Встреча не состоялась.
Разумеется, Гатти был настолько опытен и стар, чтобы по достоинству оценить мой порыв и отнестись к нему снисходительно. Даже бережно. Во всяком случае, весь вечер я чувствовал себя под его опекой. Но возобновить разговор он больше не пытался. Я получил хороший урок. И мне пришлось заткнуться. Рядом со мной сидел один из самых значительных людей, которых я встречал когда-либо в жизни, и чтобы эта встреча, несмотря на мою ошибку, в конце концов хотя бы чуть-чуть оказалась встречей, мне следовало заткнуться и помолчать. Повпитывать его молчание хотя бы.
В тот вечер Элен рассказала о нем прекрасную историю.
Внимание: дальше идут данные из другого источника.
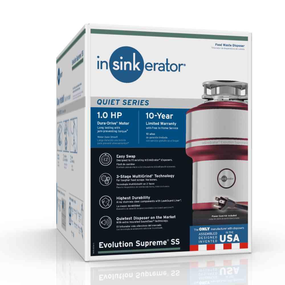 InSinkErator Evolution Supreme SS Stainless Steel 1 HP Continuous Feed Garbage Disposal with Power Cord Kit Included

Дело было в Монако в самом начале войны. Монако – крошечное государство, границы которого почти ничего не значат, особенно в те грозные годы, когда на землю приходит война. Франция была уже разгромлена и поставлена на колени. В соседней Италии свирепствовал фашизм. Но именно в этот момент почти оказалось больше, чем ничего. В Монако не было войны. Монако не знало, что такое танки, дивизии СС и пикирующие бомбардировщики люфтваффе. В Монако (поначалу) не выслеживали и не отправляли на уничтожение евреев. Никого не уводили по ночам. Никто не знал, что такое голод, гетто, взаимная подозрительность. Булочники пекли свой хлеб. Ростовщики ссужали деньги в рост. Рыбаки возвращались с моря со свежим уловом. Гатти было уже 16, он одержал в жизни главную свою победу – он полюбил, впитал в себя и сделал своим французский язык – он, сын бедного итальянского эмигранта, сделал его языком своей поэзии, как Рембо и Верлен, он грезил им наяву, бормоча и бормоча вслух какие-то строки. В школе его звали Лермонтофф. В эти последние мирные дни, когда слово было еще только наваждением и надеждой, но еще не стало оружием, Лермонтофф влюбился. Ее звали Николь, она была ослепительно красива – пятнадцатилетняя еврейская девочка, с которой он странно сошелся, споря о Ницше, защищая его экзистенциальный выбор, его аристократизм, его артистизм, даже безумие. Она боялась Ницше, которого идеологи фашизма хотели сделать «своим» философом, а он смеялся в ответ: как же он может быть «их», когда он ненавидел и презирал плебс – а они и есть квинтэссенция плебса?! У этой любви не было надежды: ведь в Монако не было войны. А значит, война не стерла в порошок те перегородки, что люди выстраивают между собой в мирной жизни. Лермонтофф был люмпен, сын дворника и прислуги, а Николь была дочерью богатого ювелира… Но он верил в силу слова и в силу любви. Он посвятил ей поэму и сказал – нет, он не просто сказал, он объявил всем, – что в день ее рождения, 26 января, он прочтет свою поэму, шагая по морским волнам. Настал этот день. Он пришел на пирс, где собралось уже довольно много народу. Но она не пришла. Он понимал, насколько незащищенным становится без нее, насколько возрастают опасности, подстерегающие его, но не отступил – он шагнул в море прямо с пирса, успев прокричать на лету несколько слов, прежде чем скрыться в волнах. Он не умел плавать.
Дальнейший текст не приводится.